The black and white horizontal and vertical lines represent current town planning. Colorful round shapes in between, symbolizing the desired diversity. The fabric labyrinth is intended to answer the question: Who are we?
There was little to do in the Dutch pavilion at the Venice Architecture Biennale. The grounds for the biennale were already quiet – the crown sometimes offers an advantage, the Dutch exhibition is quieter than the other pavilions. Not surprisingly, because the Biennale offers more than you can comprehend in one day, with moderate work you can quickly get on.
Something is at stake in Danish design. The Danes flood their pavilion. For months all the rainwater was collected to be filtered, purified, and boiled into tea for all visitors meandering and dripping – teas made from lavender and verbena that grow in high shelves in the same pavilion.
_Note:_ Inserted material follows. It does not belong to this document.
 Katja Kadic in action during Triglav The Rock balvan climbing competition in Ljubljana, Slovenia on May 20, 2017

As water runs through the streets in the Netherlands and Germany, a radical answer is sought here to the question of how we will live in our cities in the future: with water. Such an effect would have suited the Designland Netherlands well: bold, innovative and, of course, all that water.
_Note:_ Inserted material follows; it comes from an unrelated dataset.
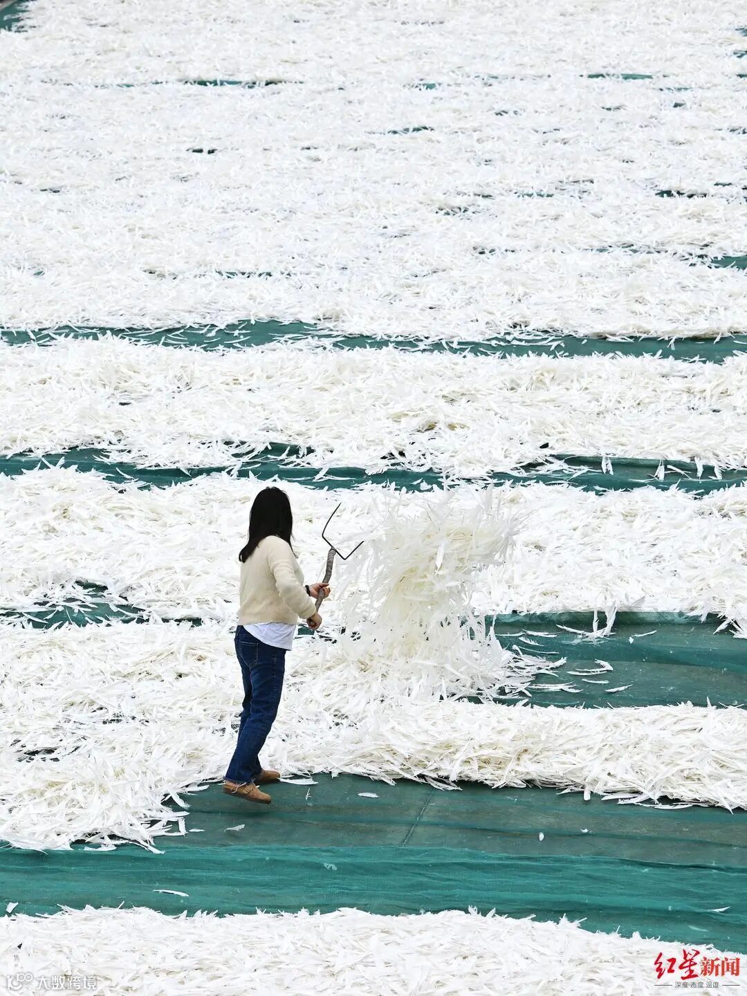 晴空之下,成羽体育用品有限公司(简称“成羽公司”)的大晒场铺满了雪白的鹅毛。这些经过多道工序之后的鹅毛,被铺平在了近千平方米的水泥地上。如果天气晴朗,这些鹅毛将在经历3-5天的晾晒之后,才能进入到后续的工序当中。

But the Netherlands took no risk. He chose the lousy security of a politically correct answer. The complicated texts accompanying the installation amounted to: Architecture is a product of white men. Also have towns built by women of color. This emphasis on identity politics leaves the real question unanswered: what qualities should the diverse city of the future have? The theme that the Netherlands generates, but does not develop, is also interesting: How does a city do justice to other forms of life than humans?
For example, thinking is crippled by color or gender politics (they like to overlap in discussions). The struggle for equality suffers from fundis in their own circle. Once NRCColumnist Clarice Gargard has been harassed for years by white men who poured racist and sexist excrement on her because she had to defend herself against attacks from her own anti-racist camp last week.
Gargard turned out (still) to follow JK Rowling on Twitter. The Harry Potter writer has been canceled on social media for “transphobic” comments. She had wondered what other word was used for “menstruating”. By sticking to the word “woman”, she would discriminate against transgender people. Now Gargard had failed to stop following Rowling and she too was done.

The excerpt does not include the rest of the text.